Текст книги "Переизбранное"
Автор книги: Юз Алешковский
Жанр: Советская литература, Классика
Возрастные ограничения: +18
сообщить о неприемлемом содержимом
Текущая страница: 11 (всего у книги 67 страниц) [доступный отрывок для чтения: 22 страниц]
7
Снова я вдруг поплыл, поплыл, даже не успев подумать, врезаю я дуба или не врезаю, и прочухался в камере смертников. И вот, Коля, очухался я в камере смертников, причем голенький, но от холода не мандражу. Шнифты открывать не желаю и думаю: на хрена меня пробуждать? Врезал бы дуба и – до свидания. Никаких хлопот ни вам, ни мне, а общество писает кипятком выше кремлевских звезд от удовольствия, что избавилось от урода, мешавшего ему двигаться вперед к сияющим вершинам. Лежу, значит, не шевелюсь и, веришь, Коля, стараюсь не захохотать, потому что странно я устроен. Я представил на секунду, как общество подкандехало совсем близко к вершинам, так, действительно, сияющим, что многие люди теперь уже ослепли начисто от их нестерпимого блеска, а те, кто поумней, опять-таки уже теперь, чтобы не ослепнуть, ходят в темных очках. Подкандехало общество и тут растревожило нервные склоны гор. Пошли обвалы, заносы, лавины, ледник имени Ленина всей своей холодной мощью двинулся на общество, а за ним и другие ледники, поменьше: Кырлы Мырлы, Буденного, Дзержинского, Станиславского и Валерия Карцера. Вот-вот столкнется поток тупой, ослепшей человечины с потревоженной стихией, которой, слава богу, неведомо, какими тухлыми именами человечина ее окрестила. Растерянно переглянулись вожди с рабами, и вот эта их беспомощная растерянность и развеселила меня, Коля, но, клянусь тебе, не потому, что картиной безжалостного возмездия заглушал в себе страх идущего ко мне последнего часа. Нет, не был мстительным беззвучный мой смех, да и не такой я дурак, чтобы верить, что все будет так, как я ни с того ни с сего себе представил. Просто беспомощность и растерянность на одну только минуту обратили в моих глазах скотов в людей, скорее даже в детей, которым до конца времен суждено осатаневать от гордыни, проклинать себя за нее в страшный миг и открывать на слабых губах чистую улыбку мольбы о спасении. Господи, подумал я тогда, насколько же я старше, стоя на вершине своего настоящего времени, и тех, кто уже сгинул, и тех, кто придет и тоже сгинет в свой час. И как хорошо, что я помираю не в толпе, как хорошо, Господи, что я один-одинешенек! От помилования я откажусь, кассаций тискать не буду, ничего не желаю, мне бы вот так лежать и лежать, пока не дернут с вещами, и сделаю я свои последние шаги по земле, она же железобетон, она же красный кафель, она же пустота… Она же пустота, Коля. Как хорошо, что я сейчас один-одинешенек! Но не тут-то было! Марш заиграл. Мы покоряем пространство и время!

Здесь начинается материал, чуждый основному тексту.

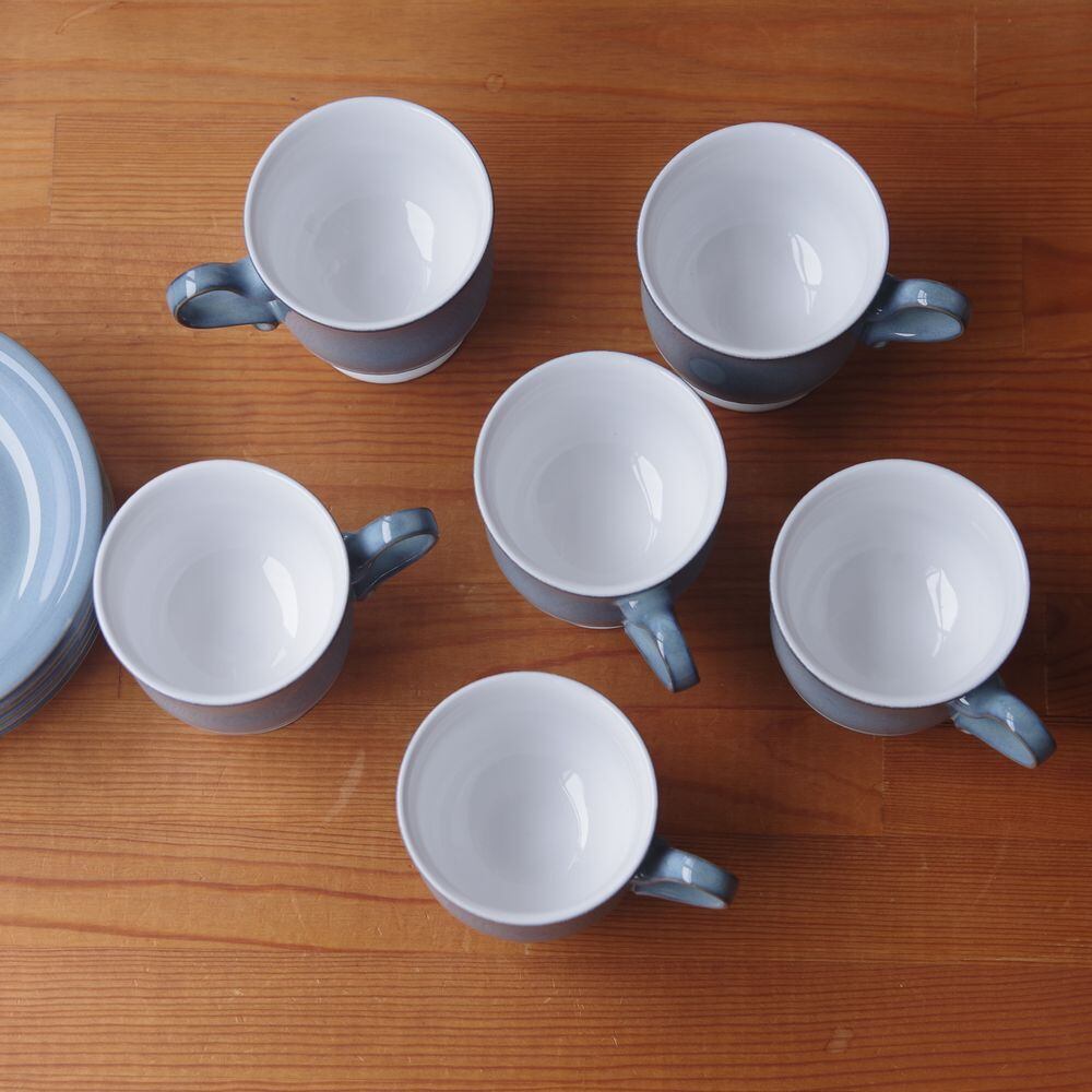 デンビー DENBY Castile カスティーリャ コーヒーカップ ソーサー #240703-1~6 ビンテージ 食器 イギリス製 シンプル レトロモダン 水色 ブルー おしゃれ 陶器

– Подъем, Йорк! Вставай, змей, и реагируй на интерьер. Все, думаешь, шуточки с тобой шутят? – говорит Кидалла. – Думаешь, нам неизвестно, что ты проснулся? Подъем, тварь. Я из-за тебя выговор по партийной линии получил! Ты почему, гадина, последнего слова не сказал?

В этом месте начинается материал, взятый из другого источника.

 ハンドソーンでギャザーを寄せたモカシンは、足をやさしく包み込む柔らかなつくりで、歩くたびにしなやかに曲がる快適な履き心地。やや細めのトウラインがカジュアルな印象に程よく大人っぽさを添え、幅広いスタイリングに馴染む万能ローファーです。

– А мы насчет него не договаривались, – отвечаю и встаю. Смотрю на стены. Там за стеклом орудия самоубийства выставлены. Веревки мыльные, яды, бритвы, финки, пистолеты и снотворные калики-моргалики. Они, значит, хотят, чтобы я, желая сократить часы, а может, и дни предсмертного страха, реагировал на симпатичный сердцу приговоренного к высшей мере интерьер? Пожалуйста! Извольте! Я ищу что-нибудь острое, но в камере угла нет ни одного, не то что ложки, как у графа Монте-Кристо. Только приборы какие-то под стеклами. Знаю, что за мной кнокают, изучают для правосудия будущего мою психику, и пробую отколупнуть ногтем стекло стенда. Бегаю мимо него как волк, слюнки глотаю, словно мне сейчас необходим хотя бы гвоздь. Вбил бы его в сердце – и все дела. Тут они стали тасовать Время. Снова марш заиграл. Ложусь на нары. Пусть думают, что я поверил в вечер. Пусть думают. Они за это денежку получают, диссертации пишут, а сам-то я знаю, что еще день, часа два всего прошло, как я проснулся. Сам-то я знаю это точно. К вечеру у меня левая пятка начинает чесаться и хочется чаю с сухариками и черносмородиновым вареньем. Захрапел я сладко-сладко, для пущего понта, и слышу голос Берии:
– Ваши опыты, товарищи, имеют для нас огромное значение. Недалек тот час, сказал Сталин – мы вчера с ним ели шашлык, – когда наша страна полетит к звездам. А лететь до ближайшей звезды, указал он, подольше чем двадцать пять лет с поражением в правах. Нужно уже сейчас научиться изменять биологическое время организма так, как того требуют условия длительного полета. Биологическое время человеческих организмов, подчеркнул Иосиф Виссарионович, тоже относительно и целиком зависит от воли партии, от воли народа… В общем, запускайте этого мерзавца, слишком долго гулявшего по земле, куда-нибудь к чертовой матери! – велел Берия. Снова, Коля, заиграл марш «Мы покоряем пространство и время». Встаю, потягиваюсь, сладко зеваю, помочился в парашный клапан, говорю:
– Кормить меня, псы, думаете? Или в вашем светлом будущем подыхать велено натощак?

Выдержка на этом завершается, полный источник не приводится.